One thing I noticed is that the stream input bias of Onyx is showing when the AWS S3 plugin doesn't even address deserialization, at least to my reading of the code. I may be totally wrong here. I hope I am.
Oynx is a distributed system solution for processing data over time. As such, it wouldn't seem to address the issues your raising. Though your much closer to the problem then I am. There are several csv processing libs in clojure that make lazy loading easy, which might solve in memory issues. Also, it's usually worth scaling memory up, unless your have up time guarantees to your customers. I'm a bit confused about the rest of what your describing, but that's likely because I haven't thought about csvs for a while. Hope that helps. @me1238
Thanks, @drewverlee!

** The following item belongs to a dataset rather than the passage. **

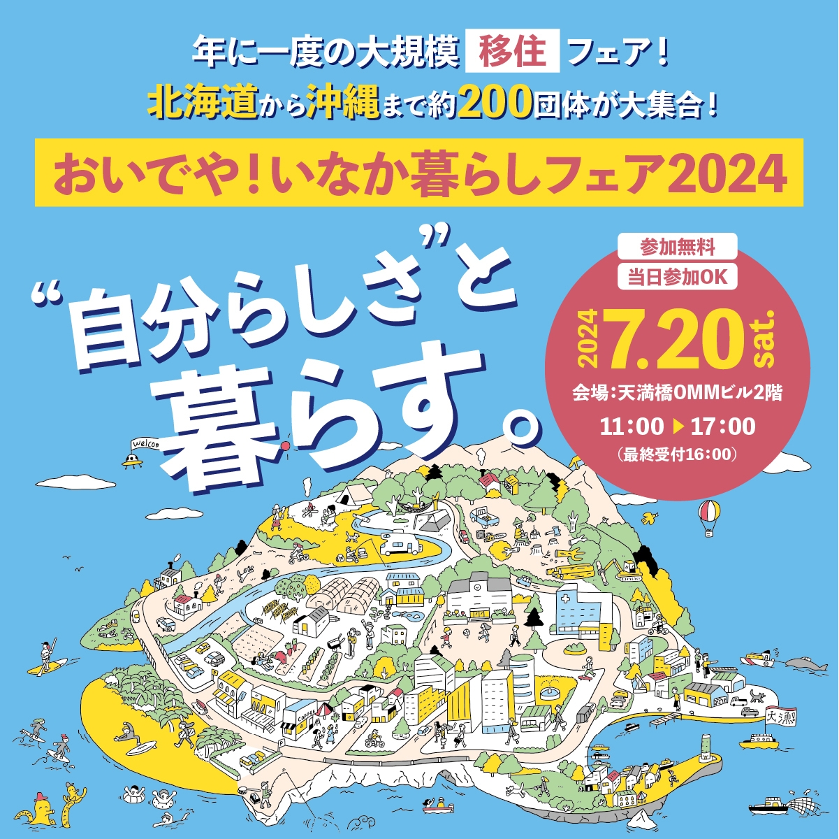 「おいでや!いなか暮らしフェア」は、全国各地の市町・団体が、移住を希望している人・興味のある人に対して、新しい暮らし方の提案や地域の紹介、移住に関する相談対応などを行う、移住マッチングイベントです。
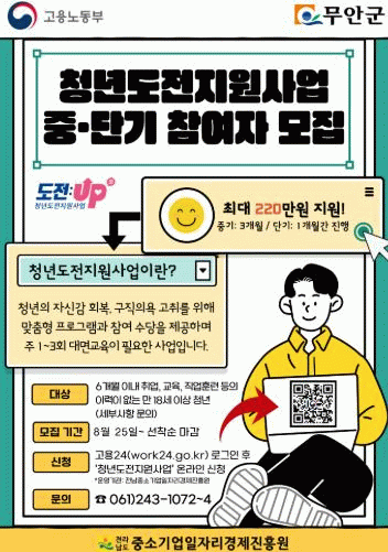 모집 대상은 6개월 이내 고용보험 가입 및 사업체 운영, 교육, 직업훈련 등의 이력이 없는 만 18세~34세의 미취업 청년으로, 무안군 조례상 청년으로 정의되는 만 45세 이하의 군민도 참여할 수 있으며, 신청은 고용24 누리집을 이용하거나, 전남일자리종합센터으로 문의하면 된다.

To clarify, "data over time" means small, internally complete values that arrive at different as-of times?
no relationship to small (or any size). Not sure what internally complete would me. "arrive at different as-of times" rings closer to what i was describing in that typically the data people process contains timestamps and their interested in "what" in relation to when. This is true for all computation of course, but onyx gives more control over describing it. In some contexts that control isn't worth the extra steps. E.g if my boss asks me for a weekly report and wants me to read it to him, setting up onyx is a total waste because i have to trigger the computation at his convince. He isn't interested in watching a real time dashboard. Put another away, onyx can start a computer(s)/processor that stays up and running over time (days, weeks, forever) such that as more data arrives it automatically (as opposed to a human in the loop triggers an execution). No one part of the onyx/flink/spark solutions are novel in that regards, but they combine a number of trade offs that are desirable at a certain scale. Does that make sense? i'm i moving closer or further to being helpful 🙂 @me1238
I apologize. Internally complete is bad terminology. I mean fully bound, as in nothing in the value is free.
I could model seq of bytes from a file as fully bound by including byte offset of the byte, if I were willing to pay the cost of allocating a segment per byte. I wouldn't want to do so for performance reasons, but if I did, as long as there were a shuffle strategy that would bring neighboring bytes to the same virtual peer, those bytes could be combined into bigger segments. Does that make sense?
I guess my question at this point is if the responsibility for maintaining timestamps lies on the data recording process? It seems like Onyx itself tries to avoid this responsibility?
And I say small because I assume Onyx couldnt handle a terabyte file as a single segment?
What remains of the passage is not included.